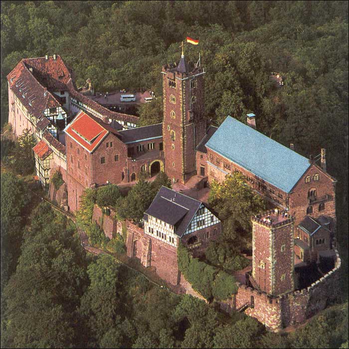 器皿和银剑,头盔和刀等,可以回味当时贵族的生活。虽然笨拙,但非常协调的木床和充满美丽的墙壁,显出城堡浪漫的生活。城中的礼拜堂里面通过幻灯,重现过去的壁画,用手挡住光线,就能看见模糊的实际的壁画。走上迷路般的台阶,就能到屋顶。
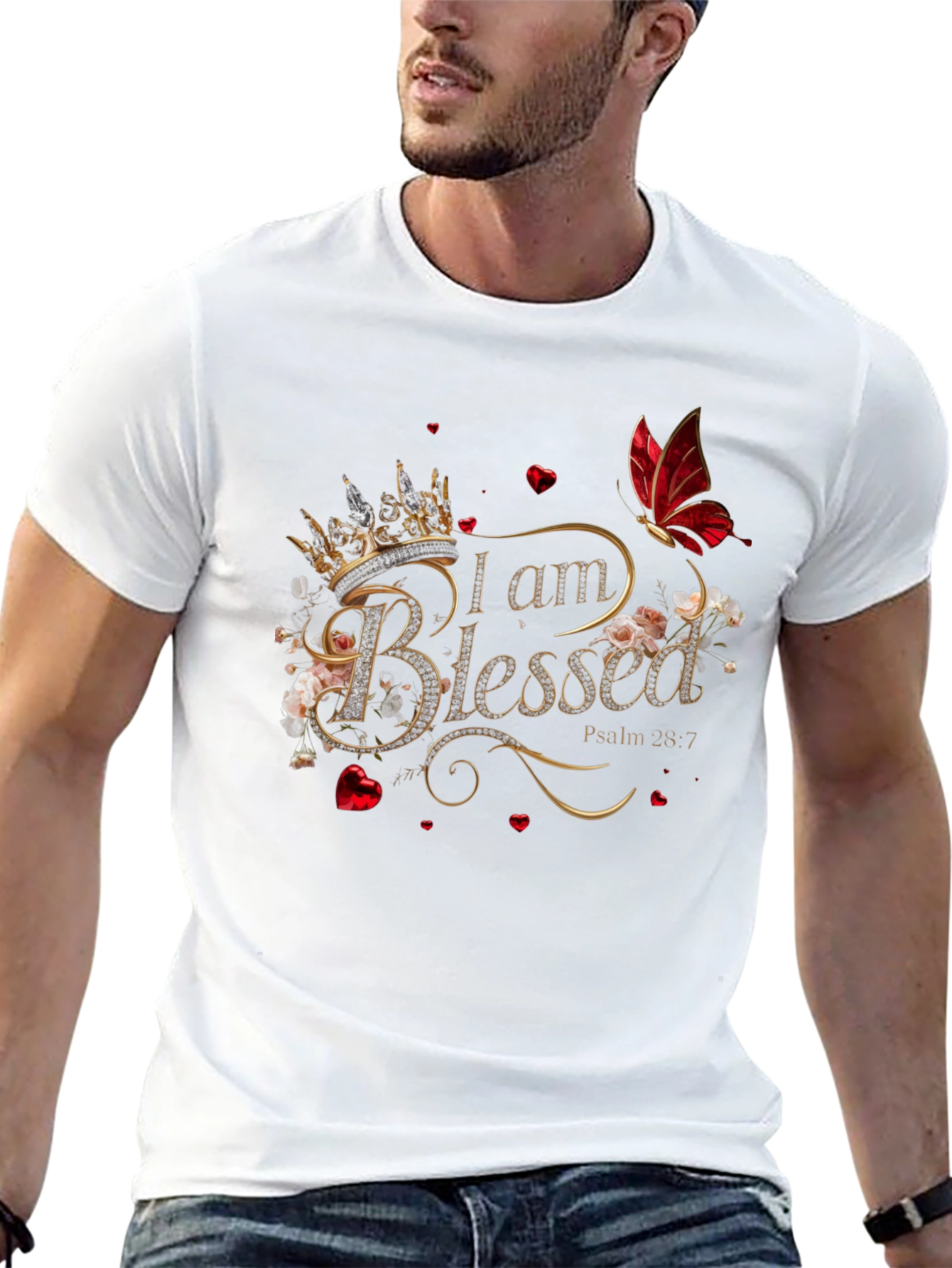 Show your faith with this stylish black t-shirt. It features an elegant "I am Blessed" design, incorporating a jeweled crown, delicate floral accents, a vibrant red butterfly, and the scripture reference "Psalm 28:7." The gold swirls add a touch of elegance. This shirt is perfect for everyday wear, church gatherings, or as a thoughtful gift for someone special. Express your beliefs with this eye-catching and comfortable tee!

-------------------------

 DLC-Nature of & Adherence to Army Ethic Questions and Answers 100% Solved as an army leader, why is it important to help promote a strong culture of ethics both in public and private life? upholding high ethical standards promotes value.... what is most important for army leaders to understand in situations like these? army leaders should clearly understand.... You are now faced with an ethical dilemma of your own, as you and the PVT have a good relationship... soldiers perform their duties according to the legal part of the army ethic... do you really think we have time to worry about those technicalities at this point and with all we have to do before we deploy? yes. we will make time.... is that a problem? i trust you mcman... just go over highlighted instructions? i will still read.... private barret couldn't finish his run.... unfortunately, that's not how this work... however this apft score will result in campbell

-------------------------

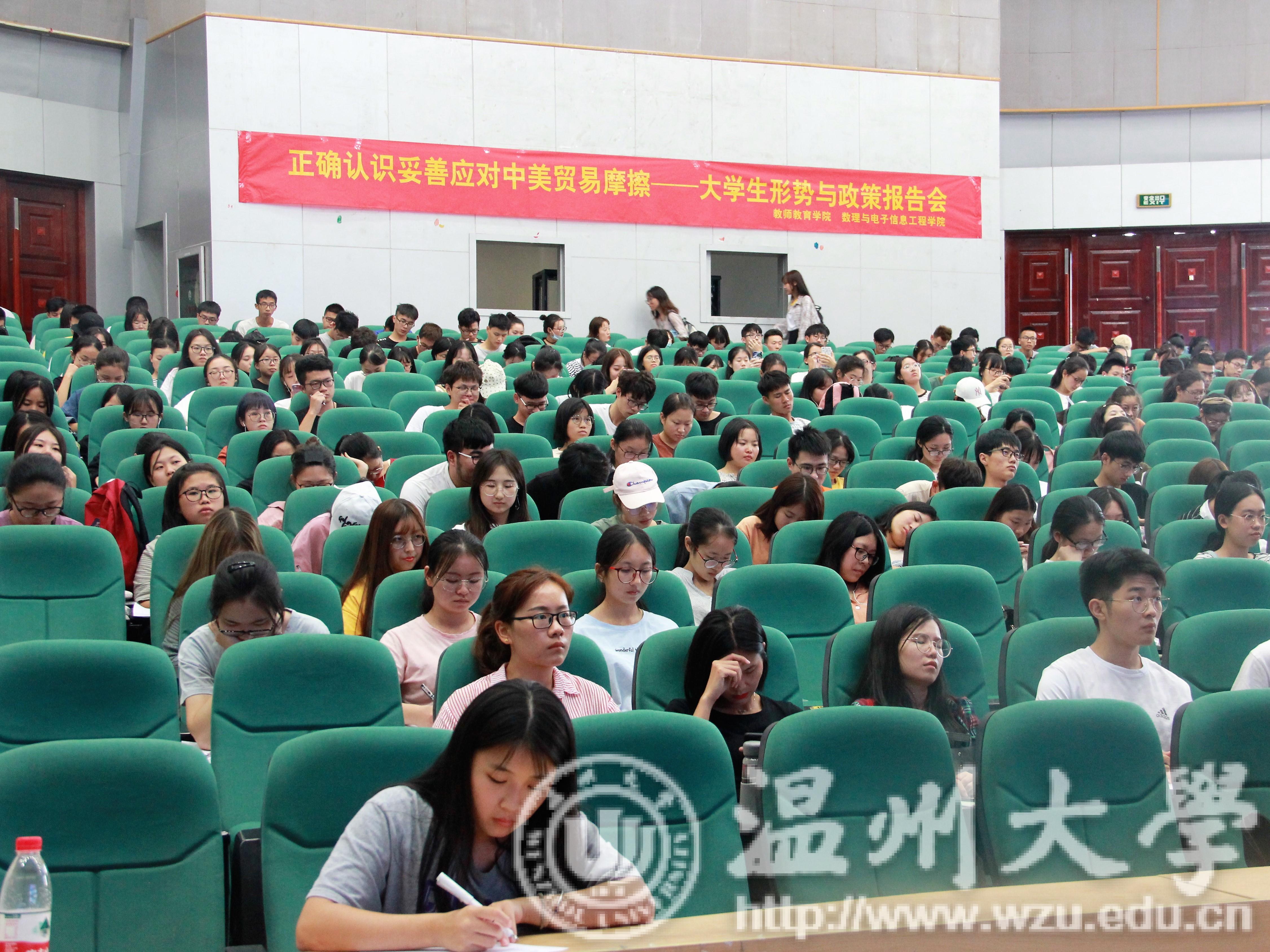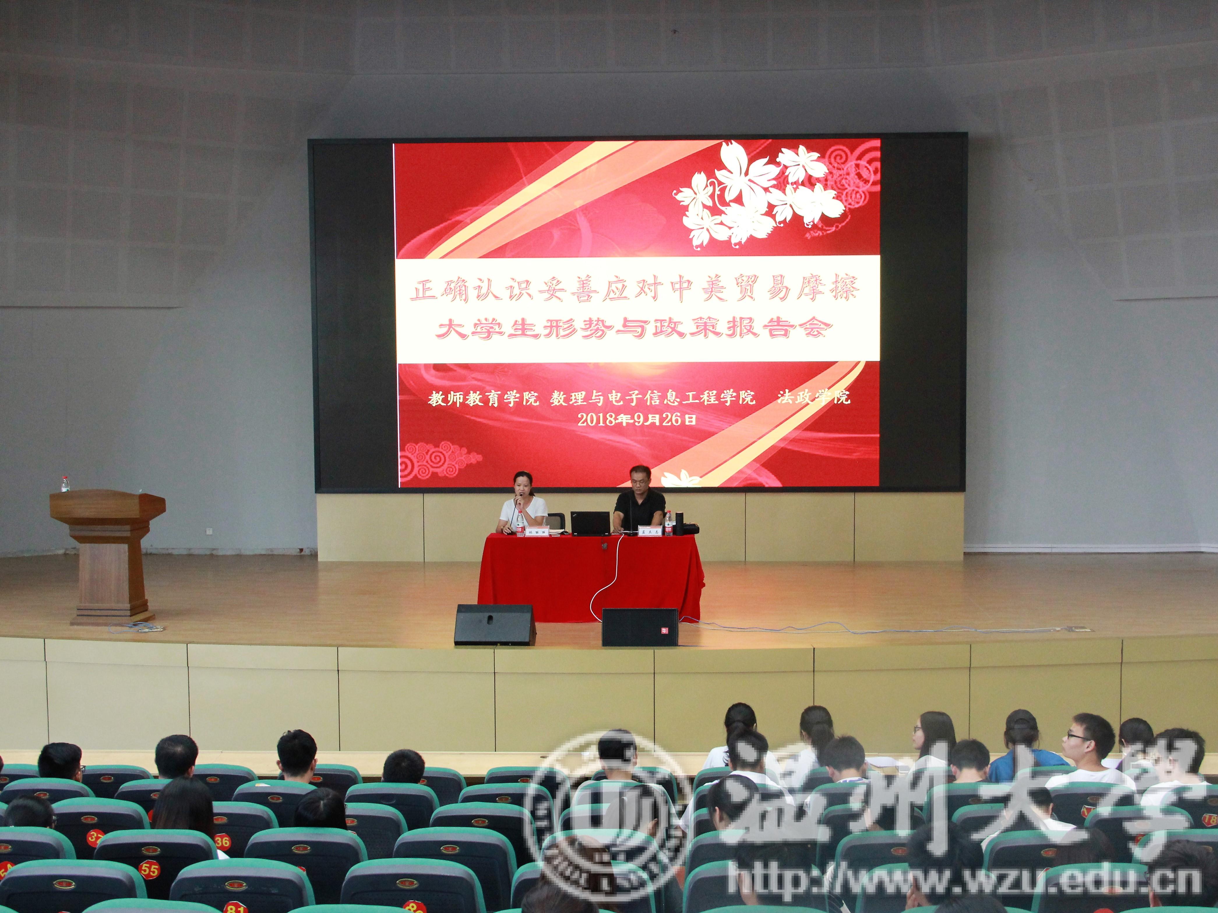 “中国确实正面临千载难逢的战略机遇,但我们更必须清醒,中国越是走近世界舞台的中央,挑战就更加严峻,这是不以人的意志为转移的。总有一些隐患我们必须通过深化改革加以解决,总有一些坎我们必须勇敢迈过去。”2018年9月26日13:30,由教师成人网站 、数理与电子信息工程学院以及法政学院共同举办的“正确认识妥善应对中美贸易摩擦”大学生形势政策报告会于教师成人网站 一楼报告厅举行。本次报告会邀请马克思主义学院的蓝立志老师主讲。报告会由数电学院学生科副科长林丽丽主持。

-------------------------

_Work required_
Go back to the listing above and reproduce, exactly, the stretch from the line bearing "器皿和银剑,头盔和刀等,可以" through the line bearing "Show your faith", without its pictures.

_Solved problem_
 器皿和银剑,头盔和刀等,可以回味当时贵族的生活。虽然笨拙,但非常协调的木床和充满美丽的墙壁,显出城堡浪漫的生活。城中的礼拜堂里面通过幻灯,重现过去的壁画,用手挡住光线,就能看见模糊的实际的壁画。走上迷路般的台阶,就能到屋顶。
 Show your faith with this stylish black t-shirt. It features an elegant "I am Blessed" design, incorporating a jeweled crown, delicate floral accents, a vibrant red butterfly, and the scripture reference "Psalm 28:7." The gold swirls add a touch of elegance. This shirt is perfect for everyday wear, church gatherings, or as a thoughtful gift for someone special. Express your beliefs with this eye-catching and comfortable tee!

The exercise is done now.